Where a picture occurs in the data, omit it, and copy all remaining data exactly.
━━ The data
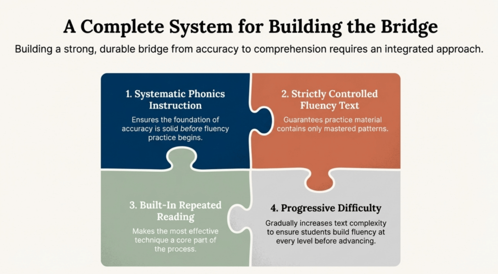 All three elements must develop together. A student who reads accurately but painfully slowly isn’t fluent. A student who reads quickly but with flat, robotic expression isn’t fluent. True fluency requires all three components working in harmony.
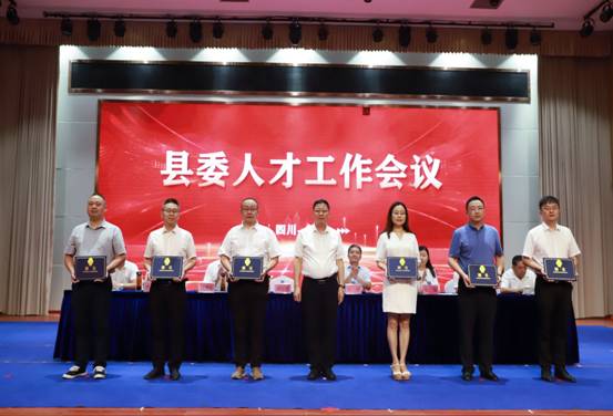 在“人才工作周”启动仪式环节,王兵与会东县四大班子领导一同按下掌印,共同为会东“人才工作周”系列活动启幕。
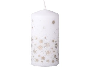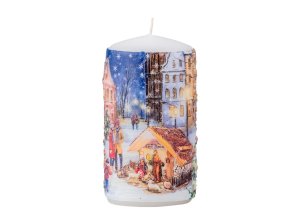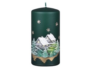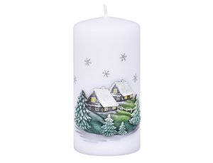 Vianočná sviečka v tvare valca, s plochou hlavou, s plastickou aplikáciou zasnežených chalúpok, pôsobí dekoratívne a hodí sa najmä na obdobie Vianoc a zimy.
━━━━
Completed exercise ▸
 All three elements must develop together. A student who reads accurately but painfully slowly isn’t fluent. A student who reads quickly but with flat, robotic expression isn’t fluent. True fluency requires all three components working in harmony.
 在“人才工作周”启动仪式环节,王兵与会东县四大班子领导一同按下掌印,共同为会东“人才工作周”系列活动启幕。
 Vianočná sviečka v tvare valca, s plochou hlavou, s plastickou aplikáciou zasnežených chalúpok, pôsobí dekoratívne a hodí sa najmä na obdobie Vianoc a zimy.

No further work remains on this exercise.